__Dataset entries__:

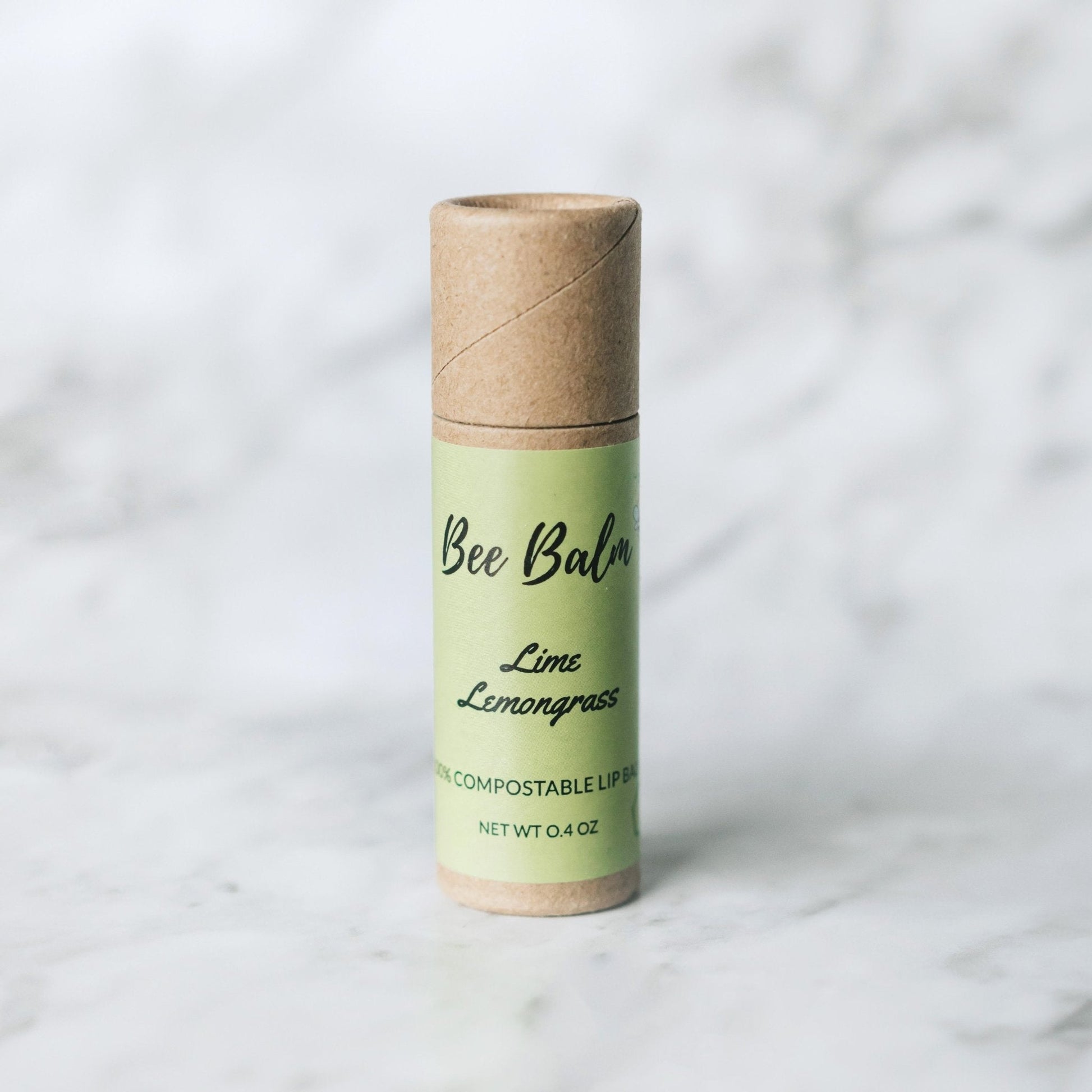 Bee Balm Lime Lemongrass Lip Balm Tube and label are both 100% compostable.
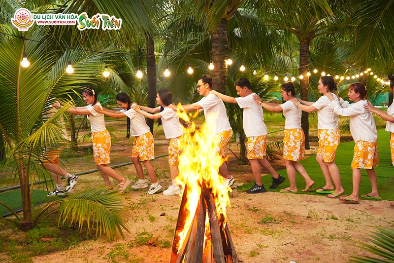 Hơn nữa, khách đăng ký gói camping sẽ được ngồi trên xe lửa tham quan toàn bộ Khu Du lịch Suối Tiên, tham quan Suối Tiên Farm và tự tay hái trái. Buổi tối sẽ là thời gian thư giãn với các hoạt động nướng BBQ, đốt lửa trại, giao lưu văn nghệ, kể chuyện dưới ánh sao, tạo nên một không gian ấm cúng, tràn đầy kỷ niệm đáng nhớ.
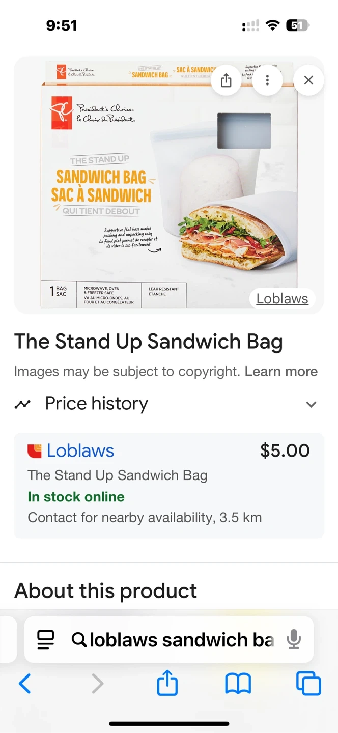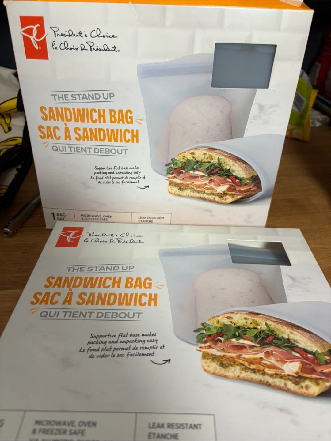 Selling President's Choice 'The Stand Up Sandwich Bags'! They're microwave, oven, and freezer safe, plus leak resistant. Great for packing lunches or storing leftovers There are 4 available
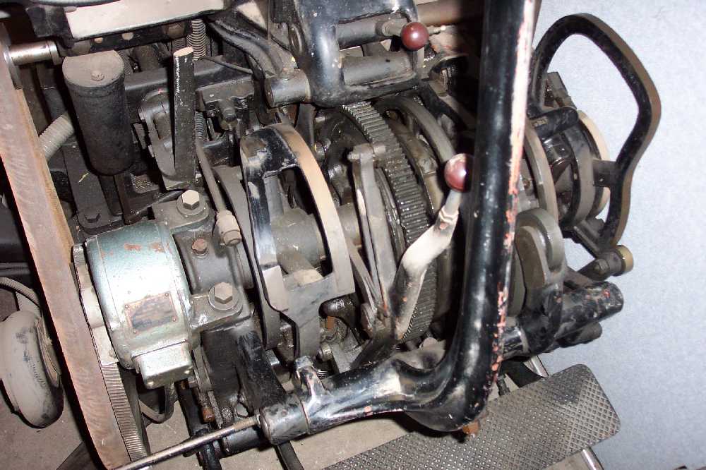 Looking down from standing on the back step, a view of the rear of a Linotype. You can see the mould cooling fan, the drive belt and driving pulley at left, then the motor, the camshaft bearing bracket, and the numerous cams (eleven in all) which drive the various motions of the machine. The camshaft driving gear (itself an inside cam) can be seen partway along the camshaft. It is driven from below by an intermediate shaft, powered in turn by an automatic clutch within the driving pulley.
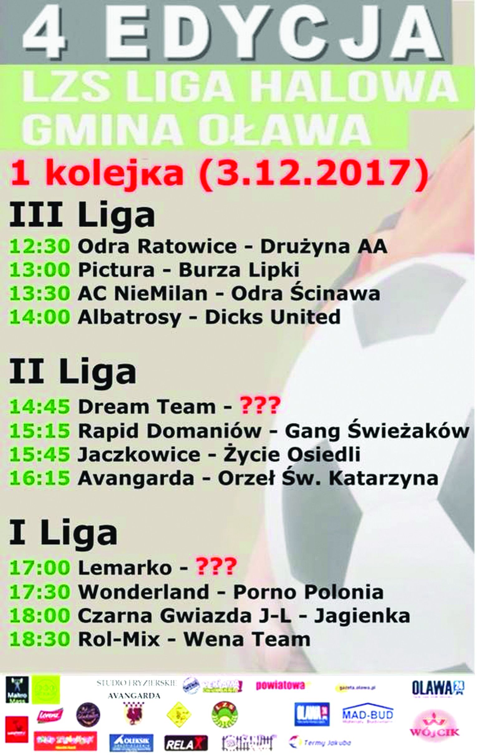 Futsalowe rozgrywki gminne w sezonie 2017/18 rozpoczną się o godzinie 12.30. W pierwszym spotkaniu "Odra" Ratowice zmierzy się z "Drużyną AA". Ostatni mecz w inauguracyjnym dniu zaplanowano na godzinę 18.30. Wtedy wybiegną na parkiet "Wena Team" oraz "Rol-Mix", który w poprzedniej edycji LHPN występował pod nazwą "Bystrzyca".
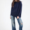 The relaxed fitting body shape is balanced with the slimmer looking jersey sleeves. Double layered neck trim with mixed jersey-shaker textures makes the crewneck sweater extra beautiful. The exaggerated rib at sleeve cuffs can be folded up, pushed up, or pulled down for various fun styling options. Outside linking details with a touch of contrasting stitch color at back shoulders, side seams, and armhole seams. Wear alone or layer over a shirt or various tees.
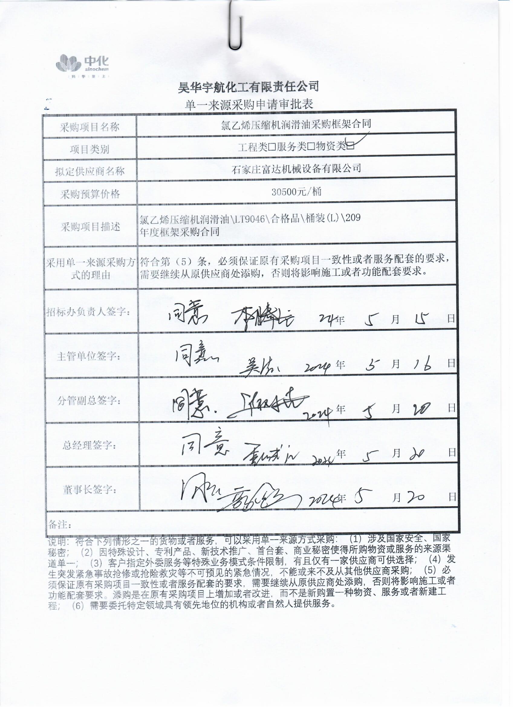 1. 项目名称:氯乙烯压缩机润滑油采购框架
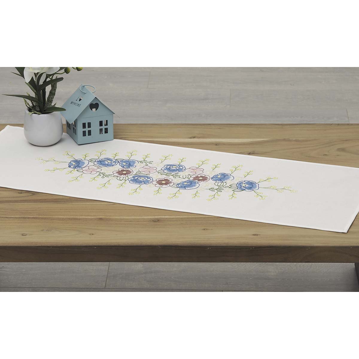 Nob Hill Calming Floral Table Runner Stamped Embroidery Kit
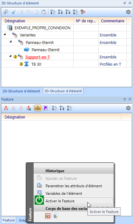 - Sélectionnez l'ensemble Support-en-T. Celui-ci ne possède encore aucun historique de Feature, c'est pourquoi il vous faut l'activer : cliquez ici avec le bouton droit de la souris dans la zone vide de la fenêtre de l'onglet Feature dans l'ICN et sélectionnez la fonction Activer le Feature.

--

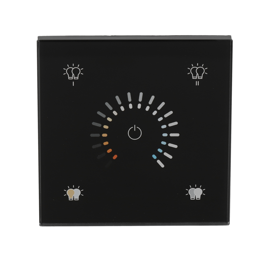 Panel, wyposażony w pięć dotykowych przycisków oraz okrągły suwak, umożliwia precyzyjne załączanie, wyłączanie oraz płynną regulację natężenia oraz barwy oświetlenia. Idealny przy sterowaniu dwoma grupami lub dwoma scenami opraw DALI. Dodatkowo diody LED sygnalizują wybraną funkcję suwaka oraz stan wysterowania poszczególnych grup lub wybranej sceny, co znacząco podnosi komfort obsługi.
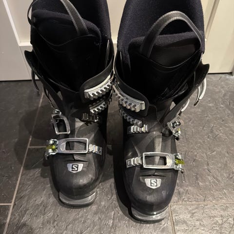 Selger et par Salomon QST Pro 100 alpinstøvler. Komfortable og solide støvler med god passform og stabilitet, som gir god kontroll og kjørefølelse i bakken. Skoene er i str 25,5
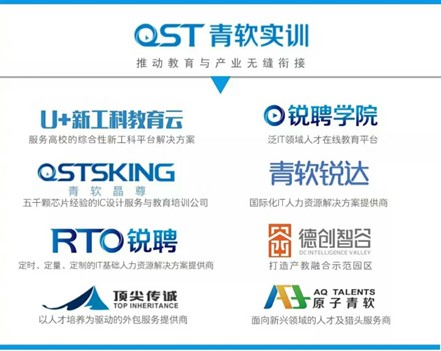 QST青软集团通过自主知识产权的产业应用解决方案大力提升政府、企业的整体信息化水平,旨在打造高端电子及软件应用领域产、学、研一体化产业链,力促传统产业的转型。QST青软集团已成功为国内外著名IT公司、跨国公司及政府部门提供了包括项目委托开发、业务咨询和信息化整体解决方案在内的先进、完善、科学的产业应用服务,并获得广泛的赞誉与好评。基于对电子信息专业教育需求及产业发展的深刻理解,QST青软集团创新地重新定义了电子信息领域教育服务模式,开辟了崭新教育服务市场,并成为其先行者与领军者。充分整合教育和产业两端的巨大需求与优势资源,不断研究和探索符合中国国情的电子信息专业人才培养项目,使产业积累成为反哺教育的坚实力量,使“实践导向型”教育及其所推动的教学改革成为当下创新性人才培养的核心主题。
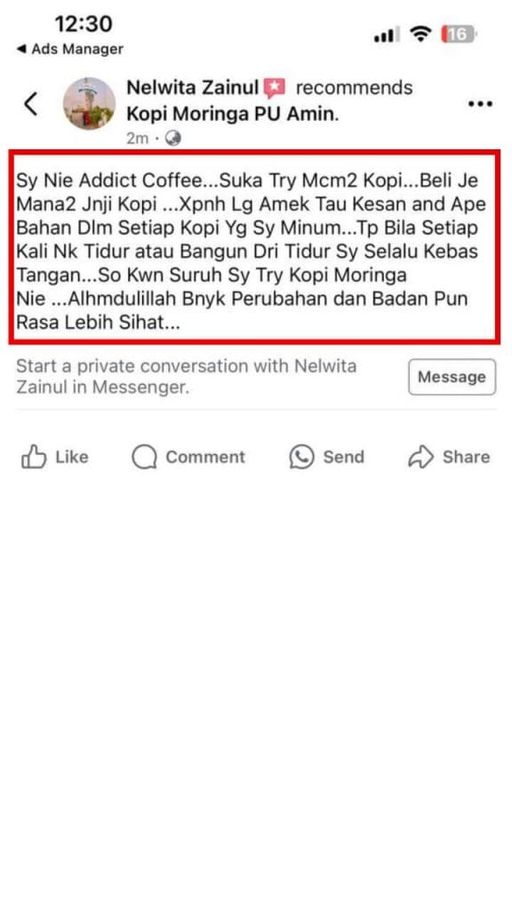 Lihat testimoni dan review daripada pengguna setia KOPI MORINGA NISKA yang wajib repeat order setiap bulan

...

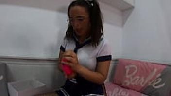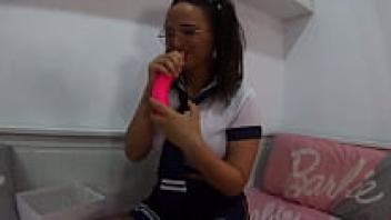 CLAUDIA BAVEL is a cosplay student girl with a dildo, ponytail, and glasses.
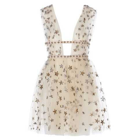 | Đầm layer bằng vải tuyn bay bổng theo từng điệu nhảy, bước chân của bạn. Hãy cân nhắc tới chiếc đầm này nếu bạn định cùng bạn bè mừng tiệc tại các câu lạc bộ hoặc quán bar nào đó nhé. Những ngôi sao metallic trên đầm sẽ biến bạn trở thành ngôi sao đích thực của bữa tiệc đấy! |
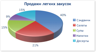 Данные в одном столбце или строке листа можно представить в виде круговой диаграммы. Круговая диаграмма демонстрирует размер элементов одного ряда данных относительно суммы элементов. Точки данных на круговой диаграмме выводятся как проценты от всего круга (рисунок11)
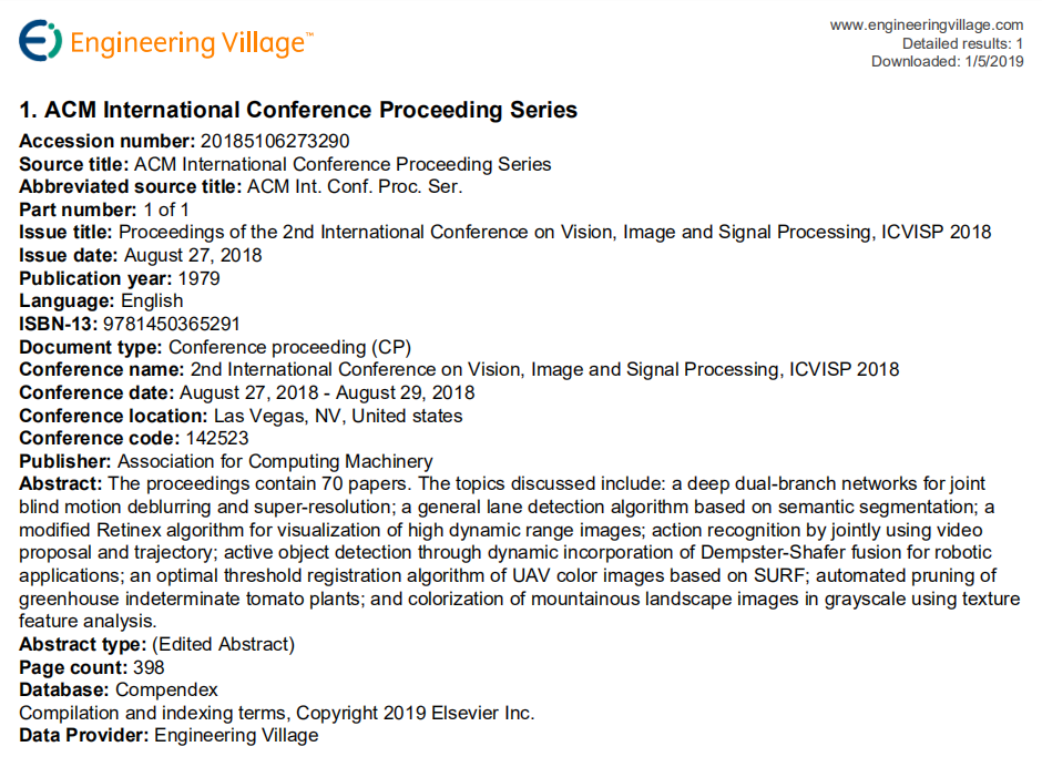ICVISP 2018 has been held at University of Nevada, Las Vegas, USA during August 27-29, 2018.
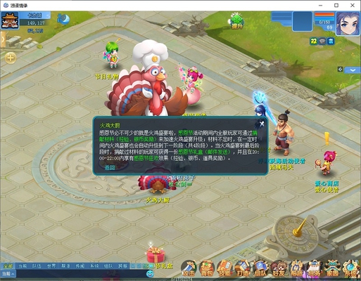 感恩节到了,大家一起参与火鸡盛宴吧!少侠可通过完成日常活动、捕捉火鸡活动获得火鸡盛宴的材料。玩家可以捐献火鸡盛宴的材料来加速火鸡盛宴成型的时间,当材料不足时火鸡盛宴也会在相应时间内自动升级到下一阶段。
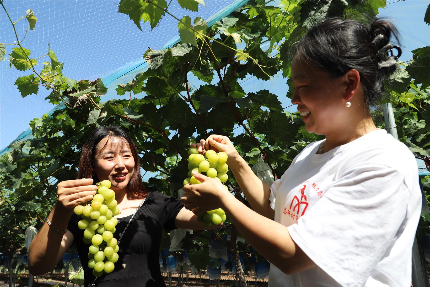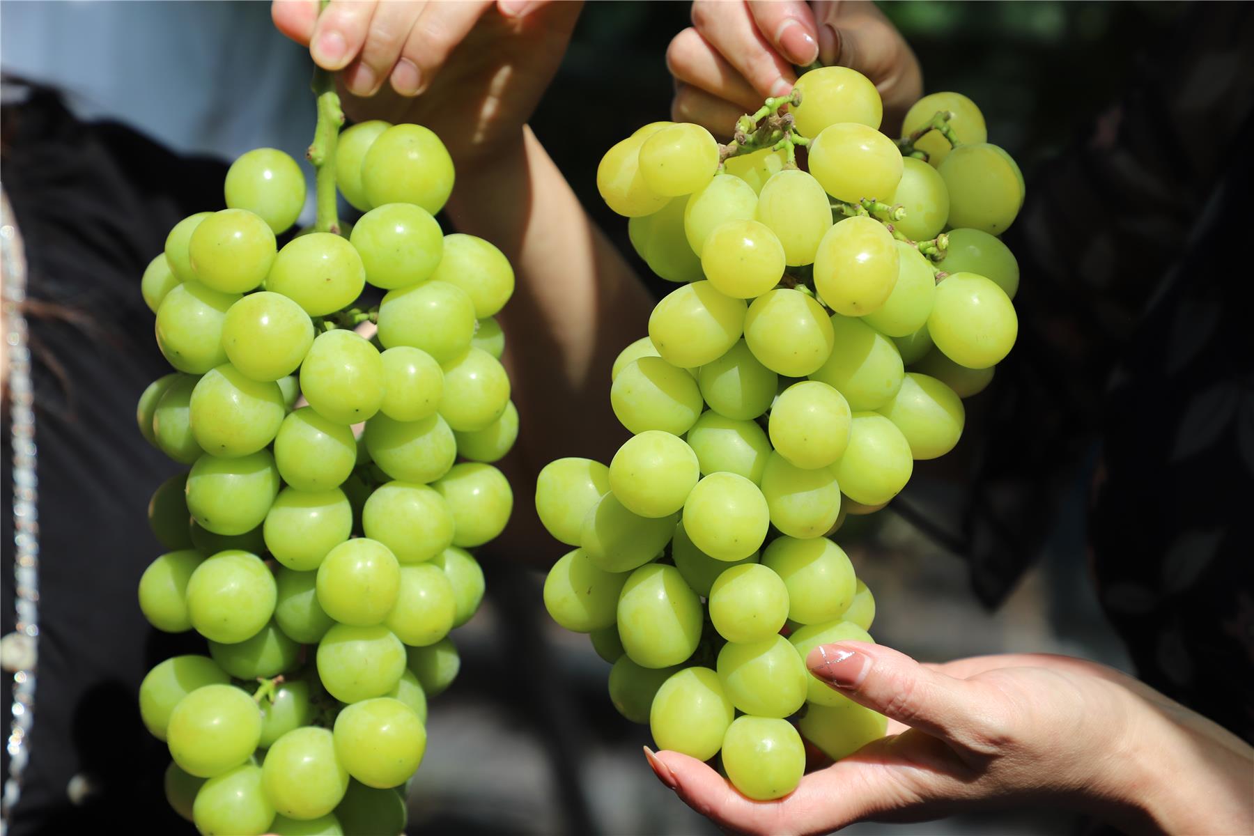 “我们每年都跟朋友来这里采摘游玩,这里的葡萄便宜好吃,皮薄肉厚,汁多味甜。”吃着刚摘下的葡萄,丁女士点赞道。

__Work instruction__: Looking at the listing above, which lines run from the one containing "Nob Hill Calming" through the one containing "- Sélectionnez l'ensemble"? Print exactly those, ends included, pictures excluded.

__Response for this exercise__:
 Nob Hill Calming Floral Table Runner Stamped Embroidery Kit
 - Sélectionnez l'ensemble Support-en-T. Celui-ci ne possède encore aucun historique de Feature, c'est pourquoi il vous faut l'activer : cliquez ici avec le bouton droit de la souris dans la zone vide de la fenêtre de l'onglet Feature dans l'ICN et sélectionnez la fonction Activer le Feature.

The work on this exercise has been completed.